Sam Carrick (born February 4, 1992) is a Canadian professional ice hockey centre who currently plays with the  Anaheim Ducks of the National Hockey League (NHL). He was selected by the Toronto Maple Leafs in the fifth round, 144th overall, in the 2010 NHL Entry Draft.

Playing career

Junior career

As a youth, Carrick played in the 2005 Quebec International Pee-Wee Hockey Tournament with the Markham Waxers minor ice hockey team. Carrick played major junior hockey in the Ontario Hockey League (OHL) with the Brampton Battalion. He was a first round choice in the 2008 OHL Priority Selection draft. In his first season, Carrick was a part of the Brampton team that was defeated in the OHL final 4 games to 1 by the Windsor Spitfires. In his second season, Carrick set new highs in goals and points, which led him to chosen by the Toronto Maple Leafs in the fifth round, 144th overall, in the 2010 NHL Entry Draft. Carrick served as an alternate captain for his third season Brampton during the 2010–11 OHL season, registering 16 goals and 39 points in 59 games. He was named captain of the Battalion for the 2011–12 season. He was among the players credited with the Battalion's resurgence that season. He finished the season with junior career highs of 37 goals and 67 points in 68 games.

Professional career

On April 1, 2012, Carrick signed a three-year entry-level contract with the Toronto Maple Leafs. Toronto assigned Carrick to the East Coast Hockey League (ECHL) for at the beginning of the 2012–13 season, where he made his professional debut with the Idaho Steelheads. In 50 games with the Steelheads, Carrick scored 16 goals and 37 points. He was reassigned to the Maple Leafs American Hockey League (AHL) affiliate, the Toronto Marlies on March 1, 2013. He finished his rookie season with the Marlies scoring 2 goals in 19 games. In his first full season in the AHL he registered 14 goals in 62 games. He was named an alternate captain with the Marlies that season.

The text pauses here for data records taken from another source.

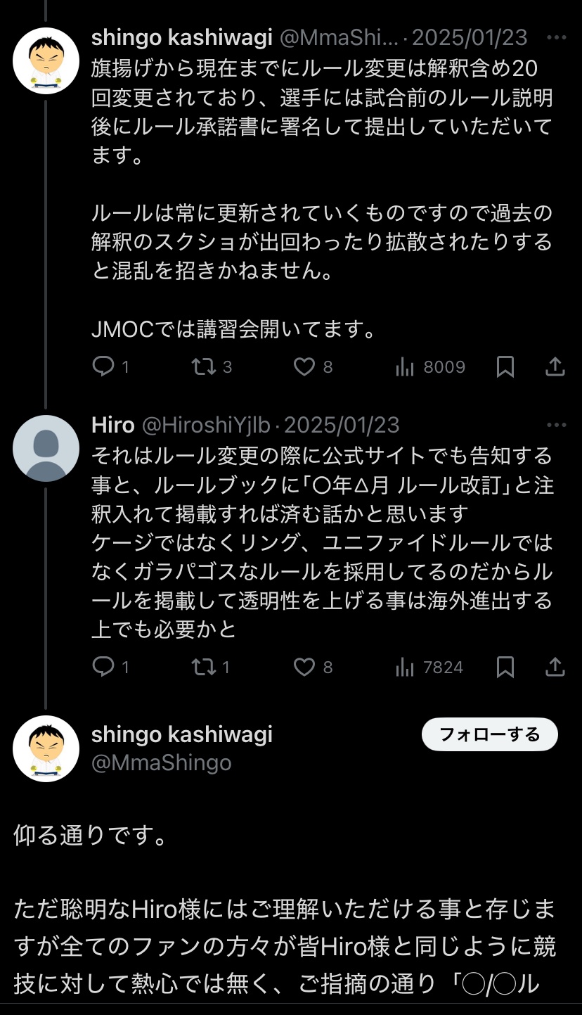 神龍扇久保戦で神龍にジェネラルシップがつかなかったことに対してJMOC公式回答が「単にグラウンドで上になるだけではジェネラルシップとは認めない。そこからパンチを打つなりしてダメージを与えないと」と回答してる
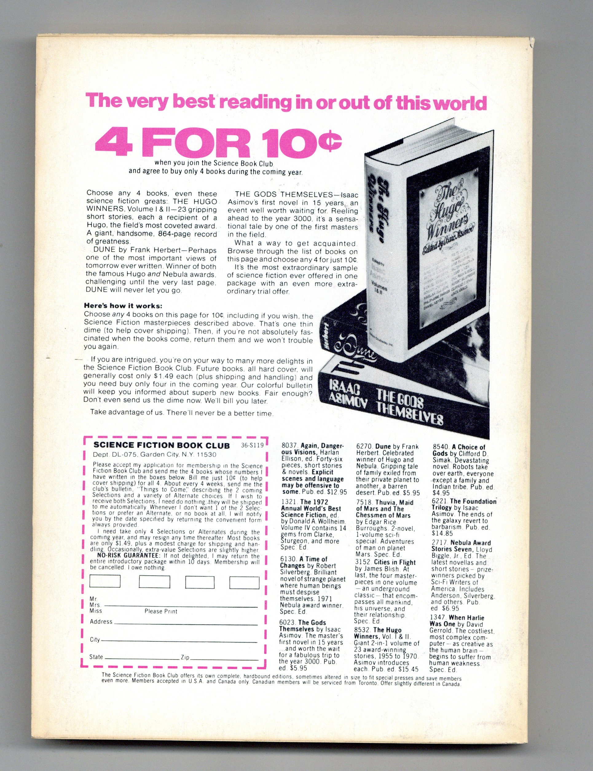 Published Aug 1973 by Dell Magazines.$30.00August 1973. Stories: "The Far Call" (part 1) by Gordon R. Dickson, "Forty Days and Nights" by Robert Chilson, "The Epoxy Goat" by David Lewis, "Stimulus-Reward Situation" by Gene Fisher, "The Sweet Smell of the Past" by Lawrence Perkins, and "The Jungle" by Karl Hudgins. Science Fact article, "The Synchronistic Barometer" by Herbie Brennan. Cover by John Schoenherr. Illustrations by John Schoenherr, Vincent diFate, Mike Hinge, and Leo Summers. Softcover, 5.5-in. x 7.5-in.; 178 newsprint pages, B&W. Cover price $0.60.
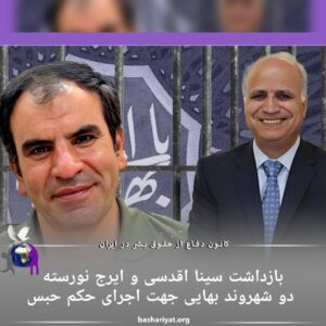 #سینااقدسی و #ایرج_نورسته دو شهروند #بهایی ساکن تبریز جهت سپری نمودن دوران محکومیت یک ماهه خود بازداشت و به زندان تبریز منتقل شدند.
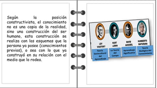 El documento describe las bases del constructivismo como modelo educativo. Sostiene que el conocimiento es una construcción activa del individuo a través de la interacción con su entorno y no una copia pasiva de la realidad. El aprendizaje se da mediante la asimilación y acomodación de nueva información a esquemas cognitivos previos. El rol del estudiante es ser un procesador activo de información, mientras que el docente es un asesor que guía el aprendizaje significativo. La evaluación busca medir el desarrollo de hab
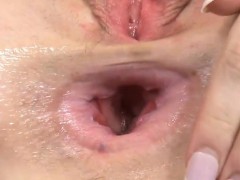 Gaping babe toying her asshole and pussy
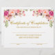 Professional, Customisable, Certificate of Completion. Great for classes, training courses, schools, business courses and more. Personalise with your custom text. Elegant Watercolor Pink Blush Floral and botanical greenery. Gold Script.

In the final year of his entry-level contract, Carrick had impressed during the pre-season training camp but was still assigned to the Marlies. Carrick received his first NHL recall by the Maple Leafs early into the 2014–15 season to replace an injured Joffrey Lupul. He made his NHL debut in a 3–2 victory over the Chicago Blackhawks on November 1, 2014. He would score his first NHL goal on March 26, 2015 against the Florida Panthers, and was named third star of the game. He played in 16 games with the Maple Leafs registering the one goal and two points. Carrick also added 9 goals and 26 points in 59 games with the Marlies. At the end of the season, he avoided becoming a restricted free agent when re-signed with the Maple Leafs on a one-year contract. In the 2015–16 season, Carrick put up 16 goals and 34 points in 52 games with the Marlies and played in 3 games with the Maple Leafs.

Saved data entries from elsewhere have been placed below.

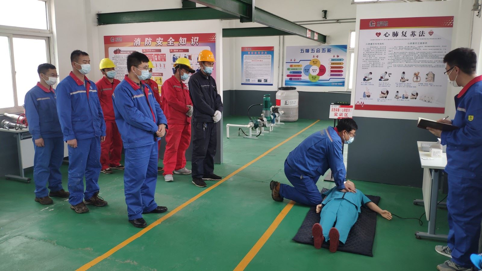 为做好《职业病防治法》宣传周工作,葫芦岛石油组织库站员工及施工单位人员,在油库实训基地开展心肺复苏专项培训,公司安全管理人员逐一讲解动作要领,库站员工及施工单位人员分组进行实操、交流操作技巧、竞技实训成果,切实提高应急处置能力。
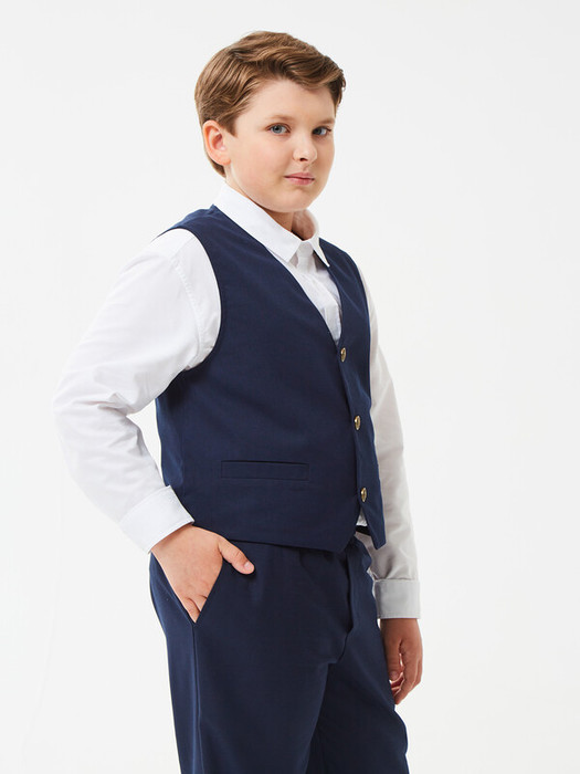 Жилет из смесовой вискозы на вискозной подкладке для мальчика с V-образным вырезом и боковыми прорезными карманами с листочкой . Спинка дополнена хлястиком с металлической пряжкой для регулировки жилета по полноте. Застегивается на три пуговицы.
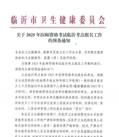 关于2025年医师资格考试临沂考点的相关信息,综合整理如下:

As an impending restricted free agent, Carrick was not tendered a qualifying offer from the Maple Leafs following the season and became an unrestricted free agent. On July 1, 2016, Carrick was signed to a one-year, two-way contract with the Chicago Blackhawks. Carrick was assigned to AHL affiliate, the Rockford IceHogs to begin the 2016–17 season. He was second in team scoring with 28 points in 53 games before at the NHL trade deadline, Carrick was dealt by the Blackhawks, along with Spencer Abbott to the Anaheim Ducks in exchange for Kenton Helgesen and a 7th round pick in the 2019 NHL Entry Draft on March 1, 2017. Carrick and Abbott were the top scores for the IceHogs at the time. 

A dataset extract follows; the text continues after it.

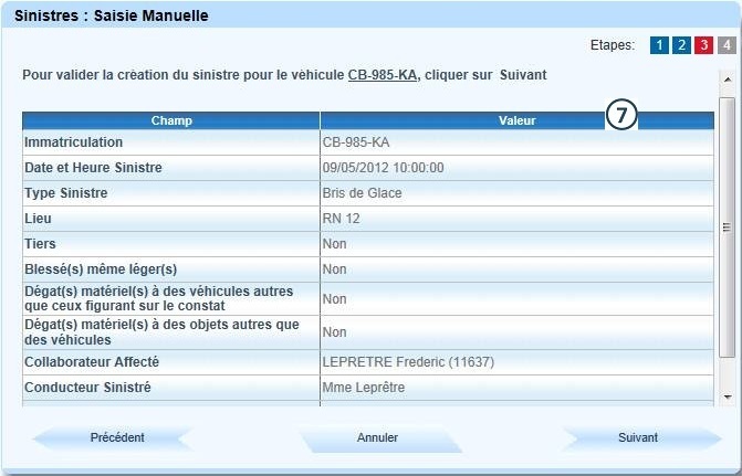 Dans le menu "Sinistres", cliquer sur "Saisie Manuelle" |
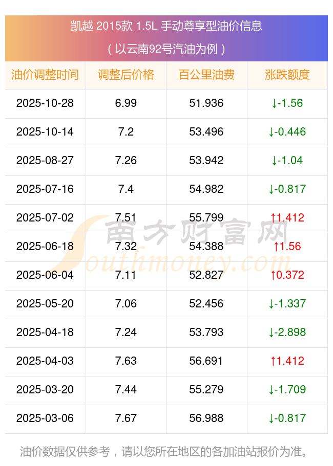 按10月28日92號汽油最新調整價格6.99元每升來計算(以云南為例),該車型百公里平均油費為51.936元,按上一輪10月14日調整價格7.2元每升來計算,百公里平均油費為53.496元,對比上一輪少花1.56元,下一輪油價調整時間為11月10日24時。

Upon joining Anaheim, the Ducks assigned him to their AHL affiliate, the San Diego Gulls, where he would collect 11 points in 15 games. He added 7 points in 10 playoff games for the Gulls. On June 6, 2017, Carrick was re-signed to a two-year, two-way contract with Anaheim. During the 2018–19 season, Carrick played in 6 games for Anaheim earning his first point with the team on March 30, 2019 versus the Edmonton Oilers. He added 32 goals and 69 points with the Gulls that season, and 7 goals and 14 points in 16 playoff games. On June 29, 2019, the Ducks re-signed Carrick to a one-year contract. On October 18, 2019, Carrick was named captain of the Gulls. During the  2019–20 season, Carrick played in 9 games with the Ducks scoring his first goal (a shorthanded goal) versus the New York Islanders on December 21, 2019 and registering 23 goals and 43 points in 46 games with the Gulls. He was re-signed to another one-year contract by the Ducks on May 10, 2020.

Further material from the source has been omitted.